Шрифт:
– Чего ему, спрашивается, отказываться? Полный пансион, двухкомнатный номер, телевизор, подъемные, а зарплата идет. Чего это он станет отказываться? Пейзажи там разные, березы, озеро рядом…
– Это верно, – покорно сказал я. – Я с ним поговорю.
И тут он нанес мне второй удар – пострашнее первого.
– А тебе, майор, и трудиться не понадобится, – объявил он ласково. – Я к нему Ведьмака направил. Убедит.
(Фамилия у него была – Медвяк, по имени его никто не звал, а звали все Ведьмаком, даже и в глаза. Он был маленький, тщедушный, белесоватенький, с розовыми беспорядочными проплешинами на черепе, с бесцветными суетливыми глазками. Гаденький. Не знаю, как он медкомиссию прошел, как ухитрился к нам в ряды угодить, все-таки у нас как-никак – отбор, элита. Не знаю. Полагаю, что не обошлось тут без его поразительных способностей, которых у него было две. Во-первых, он обладал буквально магнетической – как в прошлом веке говорили – силой убеждения. Во-вторых, у него было явно паранормальное чутье на паранормальность. Без всякого сомнения, он и сам был паранормалик. Десяти минут странной, почти бессловесной, из одних взглядов да хмыканий, беседы с объектом достаточно ему было, чтобы вынести приговор. «Жульман», – говорил он с поганой своей ухмылочкой, и это означало, что клиента надо гнать в шею – никакой он не паранормалик, а просто ловкий фокусник и престидижитатор. Или он говорил: «Псих» – про человека с заскоком, который вообразил о себе невесть что, а на самом деле ничего собою особенного не представляет – таких психов особенно много было среди всяких там уфологов, сатанистов, микрокиллеров и прочих энлонавтов. Но иногда – редко – он говорил: «Есть такое дело!» И быстрыми движениями острого язычка уничтожал проступившие в уголках губ белые комочки пены. Это означало, что непостижимое его чутье обнаружило в собеседнике некое действительное отклонение от реальности, и этим отклонением стоило заняться вплотную.
Он был человечек поганый, грязный, бессовестный. Изощренный онанист. Мелкий подонок. Доноситель и кляузник. Влажные липкие ладошки. Гнусная манера подобраться бесшумно и вдруг объявиться рядом – как бы ниоткуда… И в то же время: жил одиноко, без друзей, без приятелей даже, без женщин, в двухкомнатной хрущобке, – в одной комнатенке он со своими мастурбаторами, а в другой, на постели, – отец его, паралитик с …сятого года, крахмально-белый, толстый полутруп с фарфоровыми глазами идиота – чистый, даже хорошо пахнущий, ухоженный. ВСЕГДА ухоженный.
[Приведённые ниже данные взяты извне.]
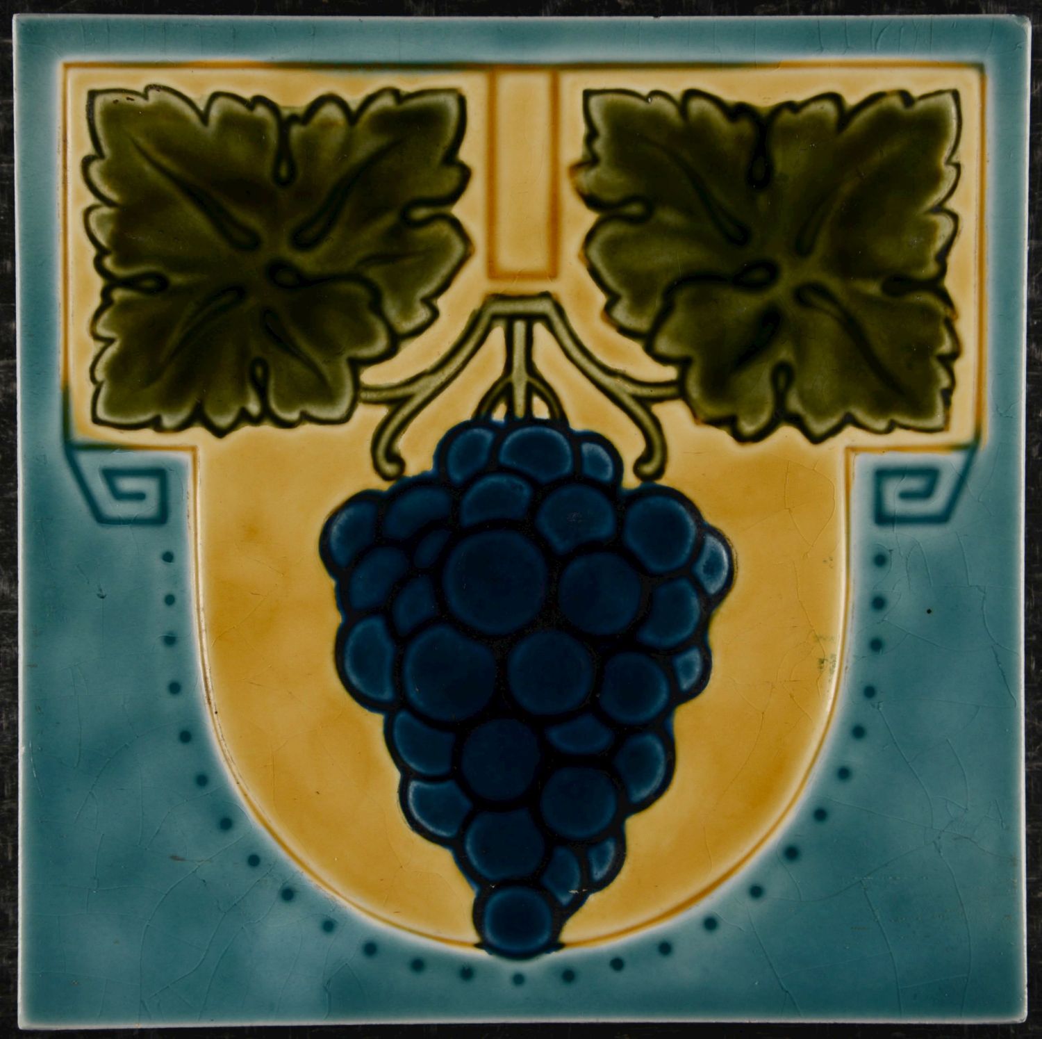 Art Nouveau wall tile, produced by Grohner Wandplattenfabrik, circa 1906–1920. This square ceramic tile features a stylised grape motif, a classic symbol of abundance and nature, rendered in a bold Jugendstil design. At the centre hangs a richly modelled cluster of deep blue grapes, formed in pronounced relief, creating a strong sense of volume and depth. The grapes are suspended from a short stem framed by two large, symmetrical green vine leaves, whose softly contoured forms echo the organic language of Art Nouveau. The tile is executed in moulded relief with translucent, flowing glazes. light wear and fine glaze crazing consistent with age.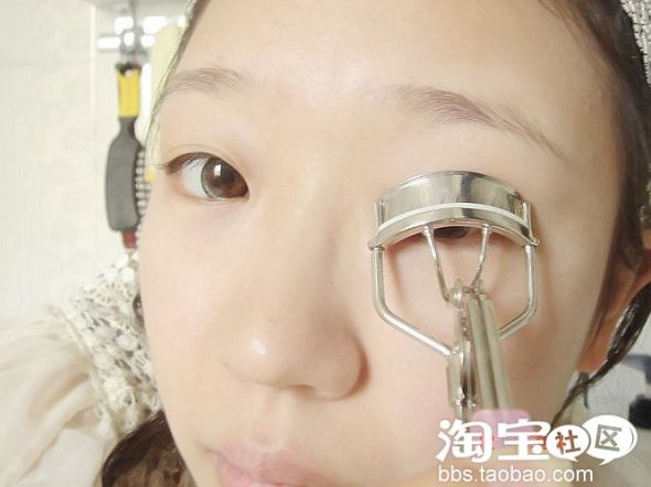 跟论坛的Jm学的,先把睫毛弯一下出弧度,再涂上胶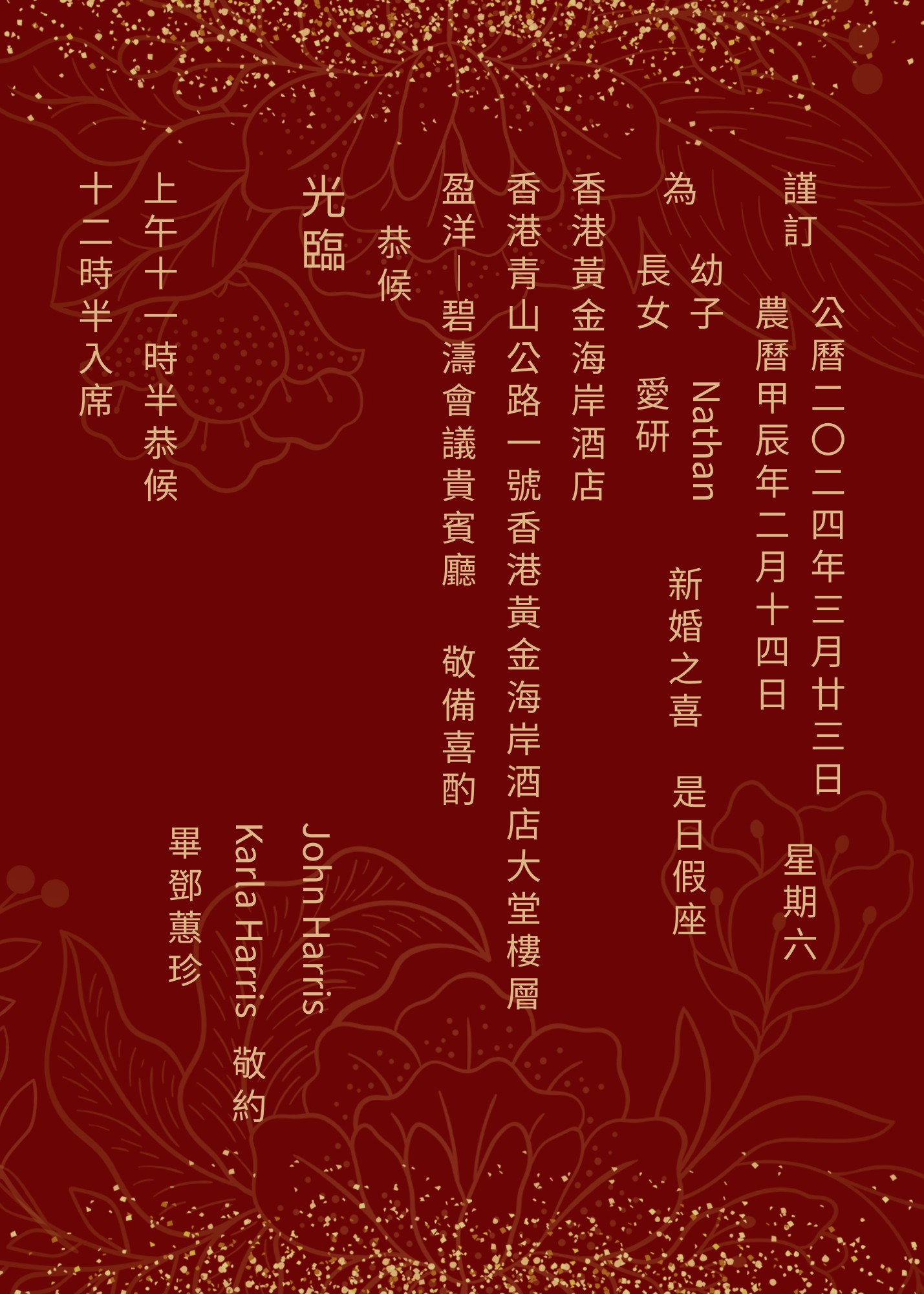 There will be a multi-course Chinese meal, a couple videos to watch, a few speeches, and lots of photo opportunities. Please budget 3 hours to eat, laugh, and mingle.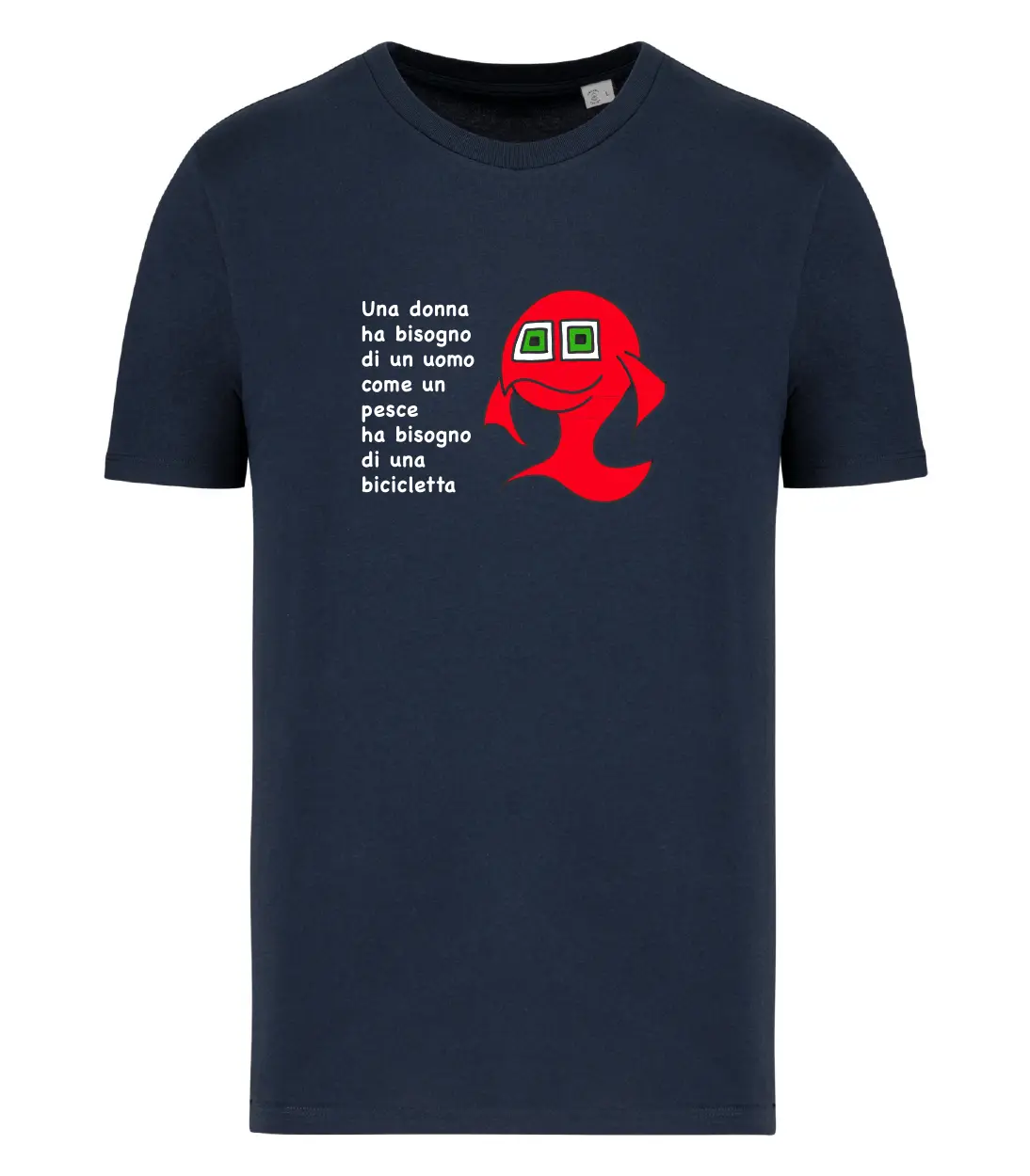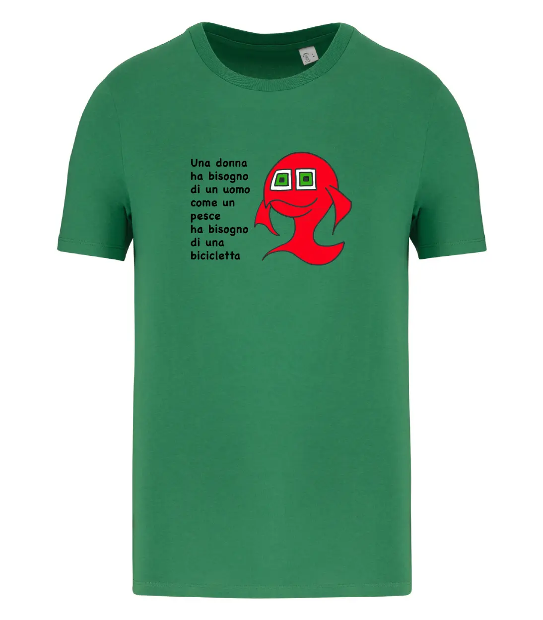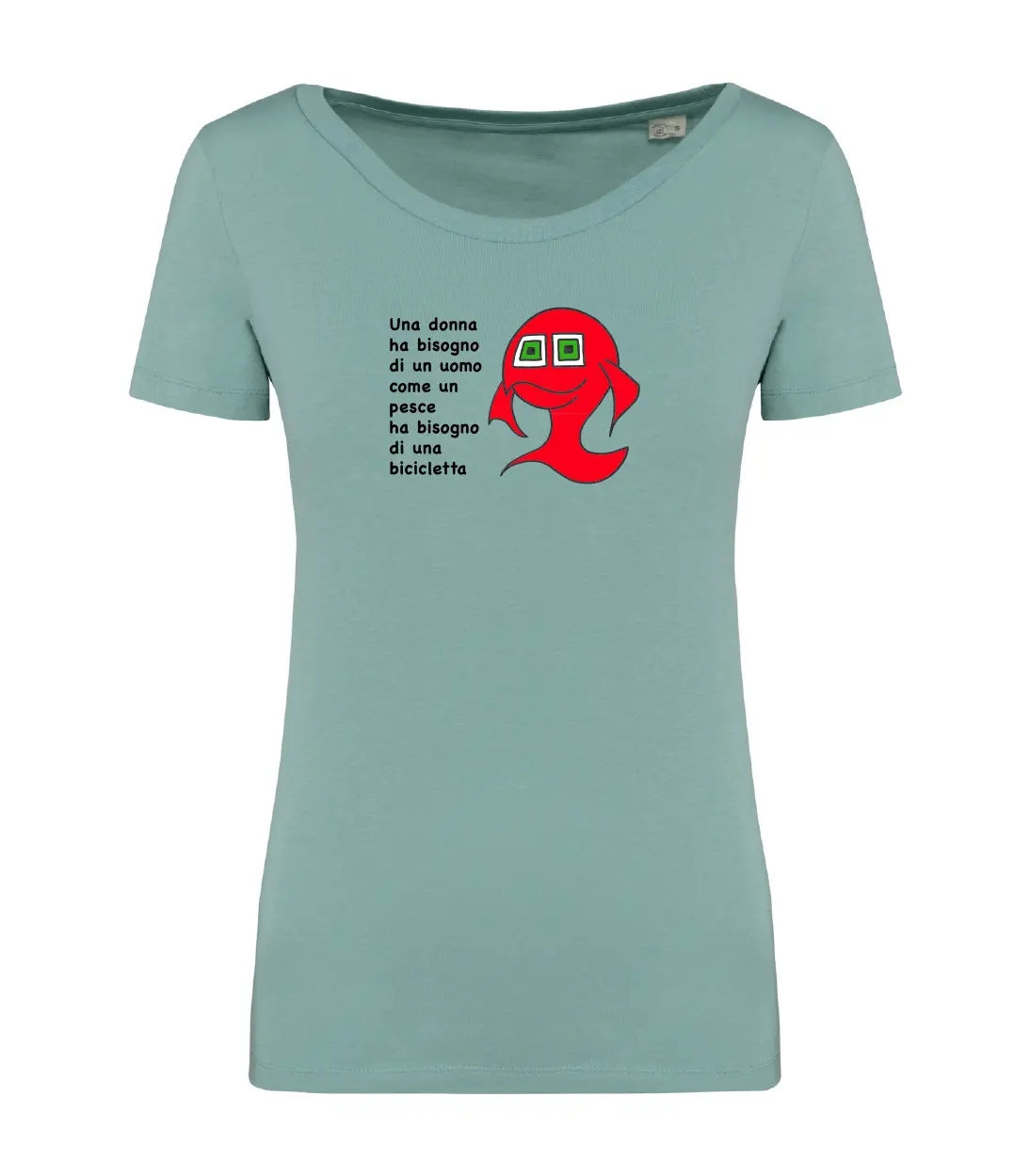 100% cotone biologico pettinato. Taglio aderente. Cuciture laterali. Capo con lavaggio agli enzimi. Collo a costine 1 x 1. Nastrino di rinforzo nel tessuto principale all’interno del collo. Finitura a doppia impuntura a fondo manica e fondo capo. Certificato STANDARD 100 by OEKO-TEX®N°CQ1007/7, IFTH

Каждый день и в любое время дня чистый и приятно пахнущий… И томик Марселя Пруста с розовой шелковой закладкой на журнальном столике рядом с постелью. «Папан мой буквально торчит от Пруста, чес-слово… Я ему читаю – не могу, на второй странице уже сидя сплю. А ему – ну, абсолютный наслаждец, даже урчит от удовольствия…» Никто да не суди ближнего своего, – един лишь Бог.)
При первой же возможности я бросился звонить Красногорову. Опоздал. Он был холоден со мною и предельно сух. От встречи уклонился, решительно сославшись на крайнюю занятость. Я попытался объясниться, но разве по телефону объяснишься. «А я вам поверил, как это ни смешно…» – сказал он с горечью и повесил трубку.
Все внутри у меня тряслось от бешенства, глаза застилало – как хотелось бить и убивать, но остатков разума все-таки достало, чтобы заставить себя посидеть, закурить, остыть, устаканиться. В конце концов, ничего непоправимого не произошло еще. Никто не умер. «Обидно мне, досадно мне, ну – ладно…» Повторишь эту строчку раз триста, и – полегчает… Полегчало. Подписал вчерашние заявки, позвонил в «Зуево», распорядился насчет пейотль-препаратов, потом связался с дежурным и попросил, чтобы отыскали капитана Медвяка – пусть зайдет.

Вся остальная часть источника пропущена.